Community Data Ethics, Transparency & Access Policy

PSY Data Society · Inner Atlas Platform

Effective date: 06/03/26

Version 1.0 · Questions or data requests:

This policy describes how we handle community-contributed data. It is not medical or legal advice, and it does not encourage any unlawful activity.

A Community-First Commitment to Ethical Knowledge Sharing

At PSY Data Society and through the Inner Atlas platform, we believe the future of mental health innovation should not be controlled by a small group of institutions, corporations, or gatekeepers.

Knowledge gained through lived experience, structured observation, facilitation, and research belongs to humanity as a collective resource — especially when it has the potential to reduce suffering, improve mental health outcomes, and help individuals reclaim their lives.

Our mission is to ethically collect, protect, organize, and share meaningful data related to plant-based medicines, psychedelic-assisted therapies, and other emerging wellness modalities in a way that prioritizes human dignity, privacy and informed consent, community trust, scientific integrity, transparency, accessibility of knowledge, and long-term public benefit.

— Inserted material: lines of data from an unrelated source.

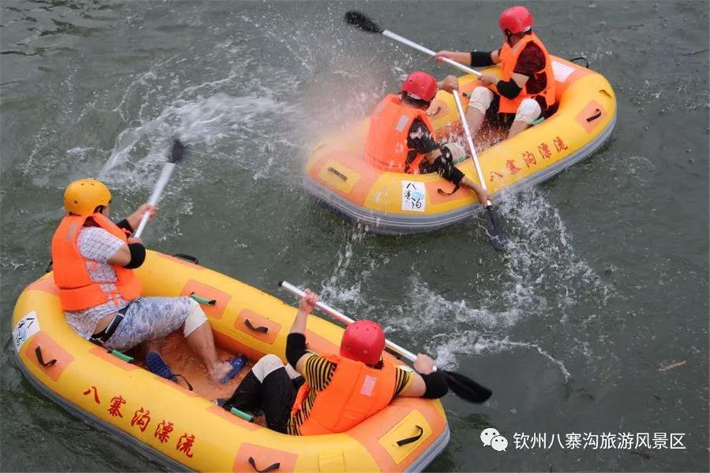 游人乘坐雙人橡皮艇,從清涼的水花中一躍而過,時而輕盈如燕,時而奔騰如虎,一路漂蕩、一路歡叫。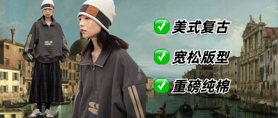三色撞色拼接,休闲运动秋衣风格,重磅加绒材质,复古宽松美式版型。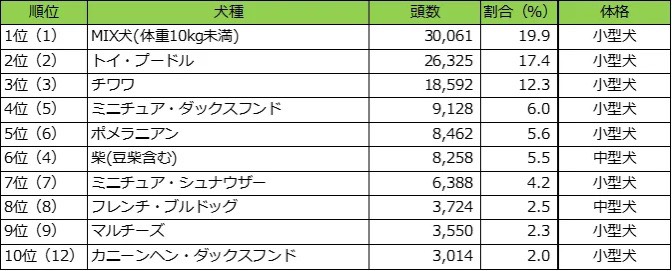 「ミニチュア・ダックスフンド」は前年5位から4位へ、「ポメラニアン」は6位から5位へと順位を上げ、上位層での僅差の順位変動が見られました。また、「カニーンヘン・ダックスフンド」は前年12位から10位へ順位を上げ、トップ10にランクインしました。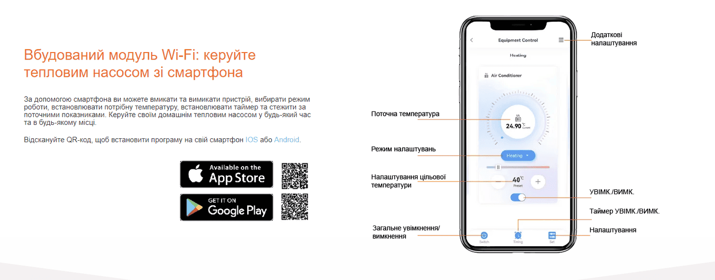 - Режим нагріву: Буферна ємність насоса нагрівається до +60°C, що забезпечує ефективне опалення приміщень навіть у найхолодніші дні.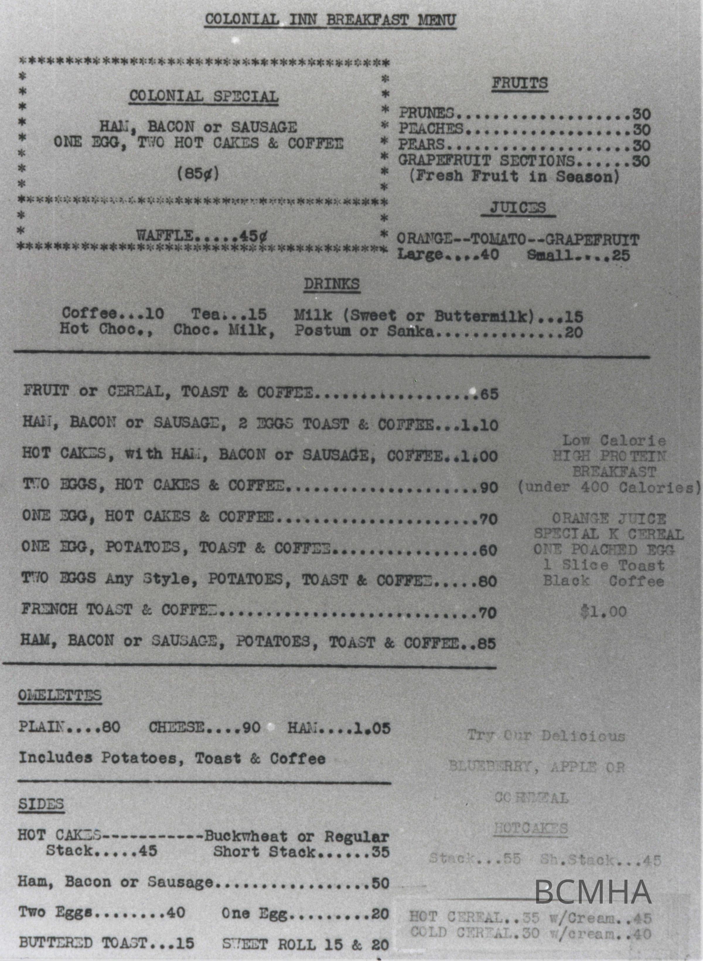 Boulder Dam Hotel dining room breakfast menu; ca. 1961; Jackie Brown photoCollection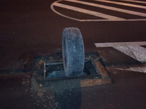 Проте черговий ляп дуже обурив водіїв. Про це написала у мережі Фейсбук мешканка Франківська Роксолана Кравчук. Франківчанка виставила в мережі фото на яких видно, що замість стічних решіток колодязі прикрили колесами.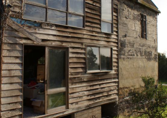 Passive evaporative cooling is harnessed through the use of old concrete water troughs (originally part of the chicory processing equipment) adjacent to the house, which are now full of water. New lightweight metal canopies over the ground floor north-facing windows provide shade and shelter at the entry.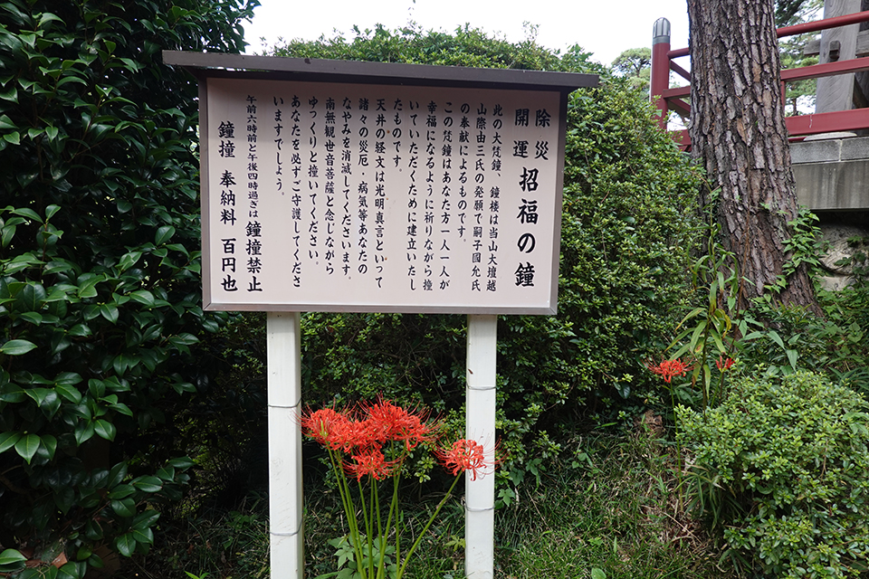 歩き進むと、「招福の鐘」があります。鐘撞 奉納料100円とありましたので、ちょいと突かせてもらいました。(午後4時から午前6時までは鐘撞禁止です)あまり大きく撞くと迷惑かしらとも思いましたが、ここはせっかくなので、力を入れて撞かせていただきましたよ。
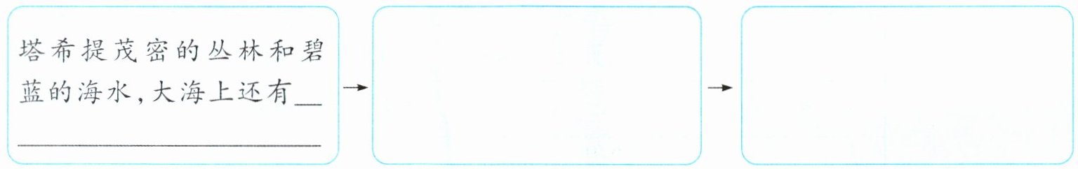 塔希提茂密的丛林和碧蓝的海水,大海上还有______→______→______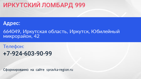 ИРКУТСКИЙ ЛОМБАРД 999 по адресу 664049, Иркутская область, Иркутск, Юбилейный микрорайон, 42 в дальнейшем Организация, размещена в следующих категориях: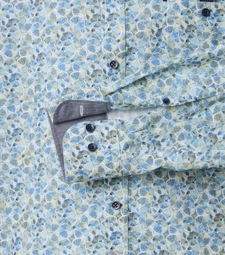 Heren overhemd met button-down kraag. Blauw-groen motief, borstzak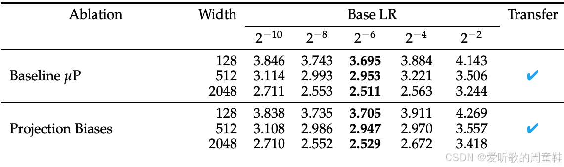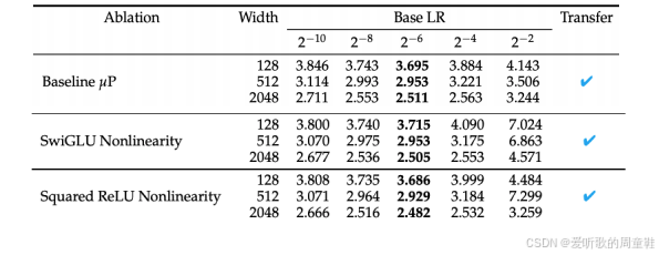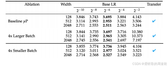 答案是肯定的,研究者设置了不同的网络宽度:128、512、2048,各列采用不同的学习率,这样的理想策略是:我们先在小规模模型上进行学习率扫描,选择最小规模的模型进行测试,然后逐步放大规模,希望这个基准学习率能始终保持最优,事实上,只要我们进行这种相对准确的宽度缩放,学习率在不同模型规模间的迁移表现得非常可靠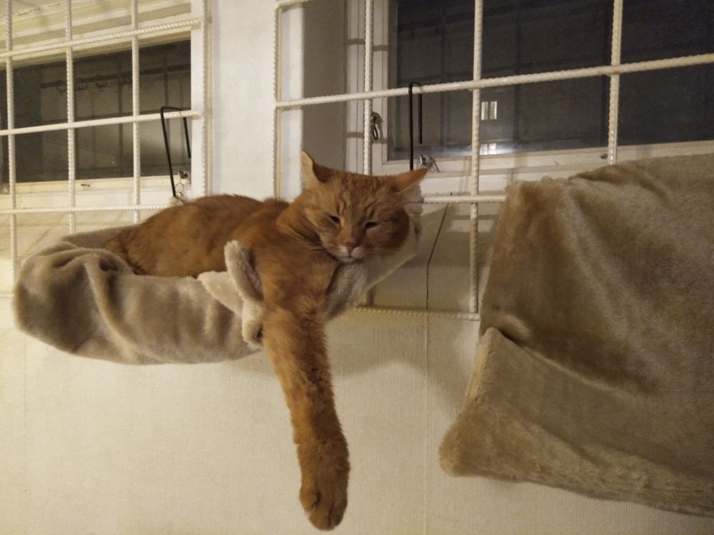 Han gillade också att sitta på hyllan vid kattluckan och se sig omkring och lyssna efter överflödiga möss att samla in.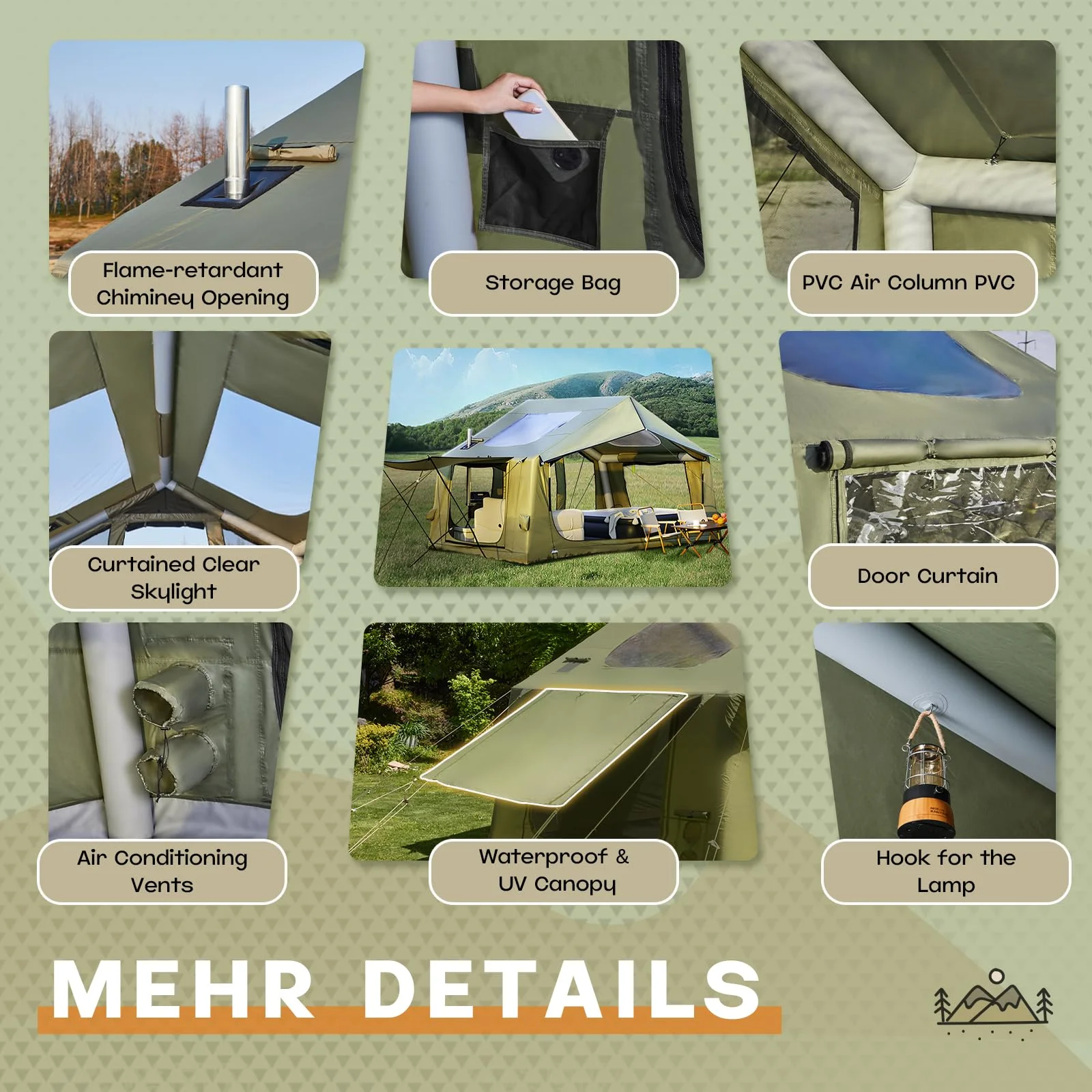 - ��Convenient Designs��This winter tent has a chimney opening with flame-retardant fabric. Just cut off the cross and you can have a proper smoke vent for your fireplace. When not in use, you can also seal the chimney opening with Velcro to make it more beautiful and windproof. The interior of the inflatable air tent also allows you to hang lights and features two storage pockets that can be used for items such as mobile phones.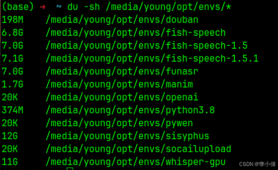 我一般一看就知道哪些可以直接动刀------比如fish-speech 环境有好几个,大概率是不用的,直接清理就好了。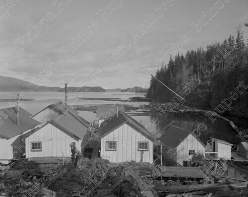 Scope & Content: Photograph depicts buildings, log booms, and equipment at Kelly Logging Co. camp at Shannon Bay on Haida Gwaii. Handwritten annotation on recto of copy 2 reads: "Kelly Logging Co. At Shannon Bay. Q. Ch. Isl. 1950." Stamped annotation on verso of copy 2 reads: "Photo by Jack Wrathall Prince Rupert, B. C."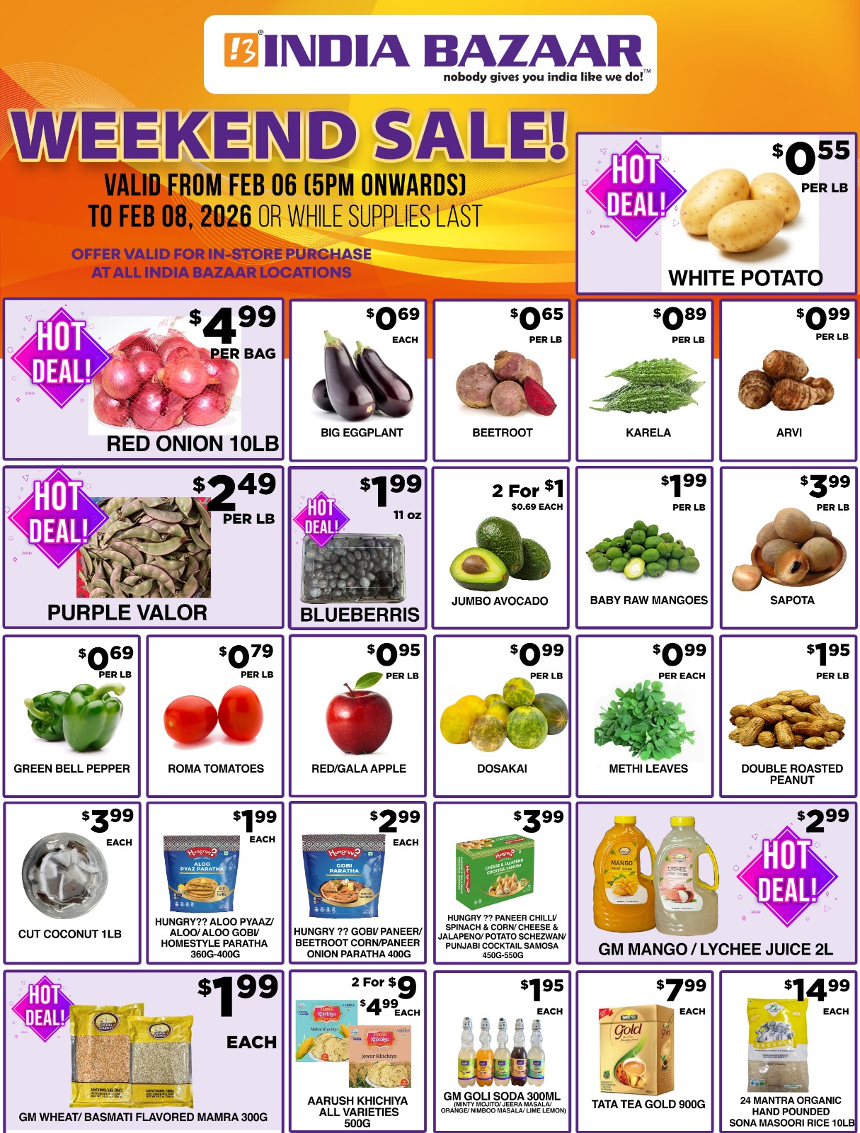 India Bazaar brings you exciting Weekend Sale deals from February 6 to February 8, 2026 (starting 5 PM). Shop fresh fruits, vegetables, groceries, frozen foods, and beverages at unbeatable prices across all India Bazaar locations. Enjoy hot deals on staples like potatoes, onions, mangoes, avocados, apples, parathas, samosas, juices, tea, and more. These in-store-only offers are available while supplies last, making it the perfect time to stock up on everyday essentials and fresh produce at great value.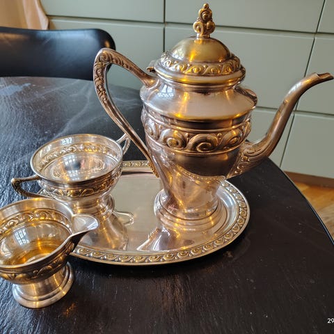 Sølv kaffekande, flødekande og sukkerskål med bakke.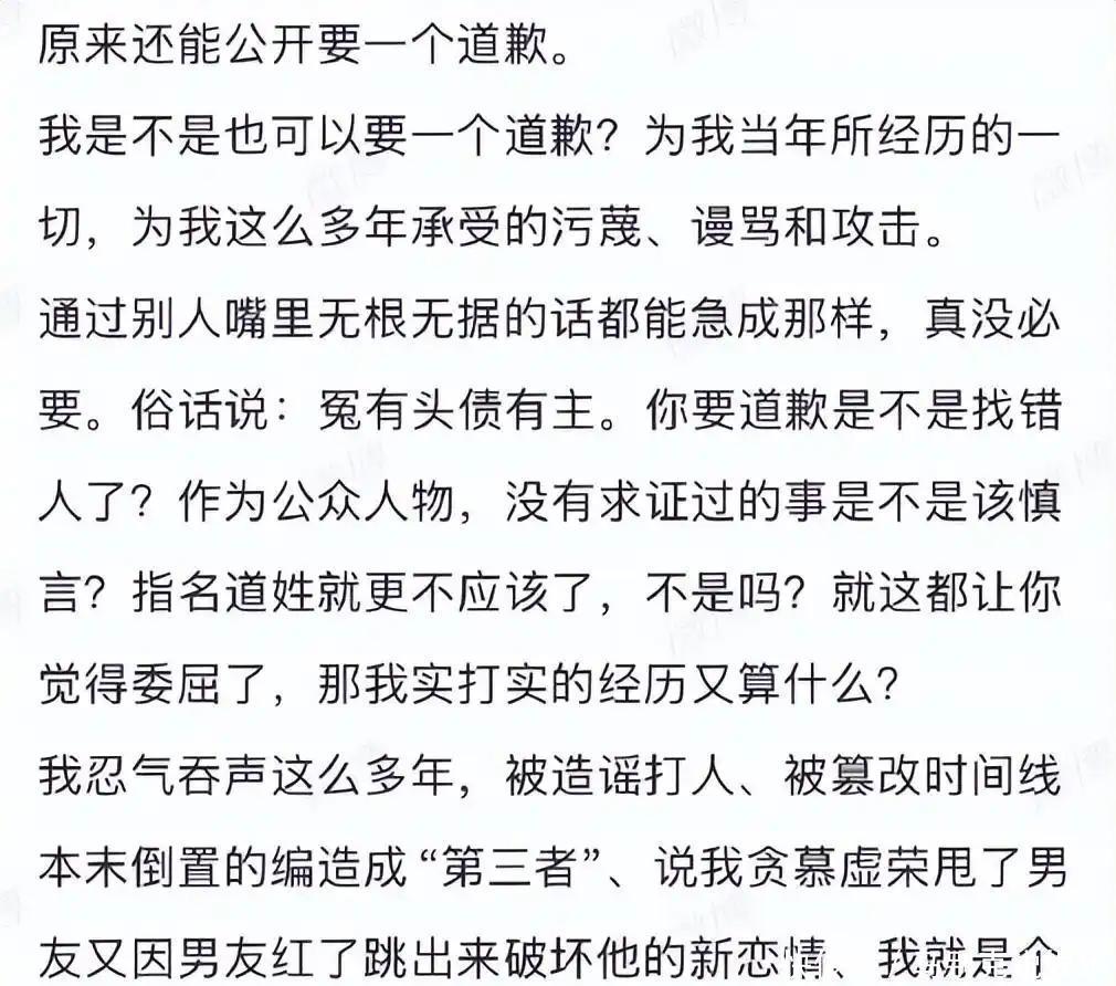 她说,你能为老公受的委屈要道歉,那我这么多年受的污蔑、谩骂、网暴,又该找谁要这个道歉?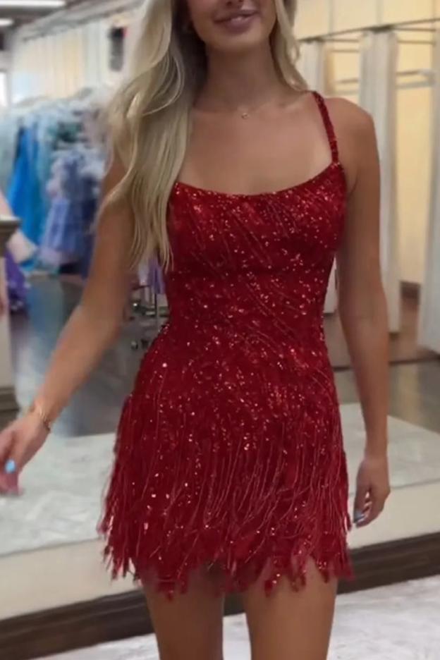 Eleri | Sparkly Sheath Spaghetti Straps Gold Short Homecoming Dress with Tassel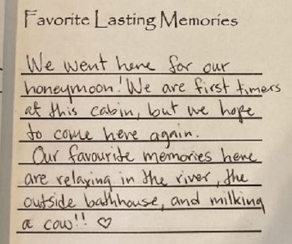 Hipcamp Listing – View Camping Calendar (Note: Since our cabin calendar has to fill in first, this calendar may not show all openings. Feel free to ask if you don’t see dates you want.)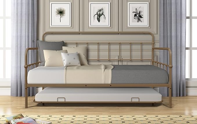 Twin Size Bed W/Slats,Metal Frame Daybed with Trundle & Anti-Noise Design,Space-Saving,Easy to Install,for Living Room Bedroom Apartment,Bronze

We also honor the Indigenous peoples and traditional lineages who have stewarded many of these plant medicines for generations. We are committed to acknowledging those origins and to approaches that emphasize respect, reciprocity, and benefit to the communities from which this knowledge emerged.

This policy outlines how we collect data, how we protect contributors, how information may be used and shared, your rights as a contributor, and how the broader community benefits from the insights generated through this collective effort.

1. Our Core Beliefs

Data should serve humanity. Health-related knowledge should improve access, safety, understanding, and outcomes for the broader community.

Participants are contributors, not products. People who share their experiences through Inner Atlas are active contributors to a growing body of collective understanding — not "data points."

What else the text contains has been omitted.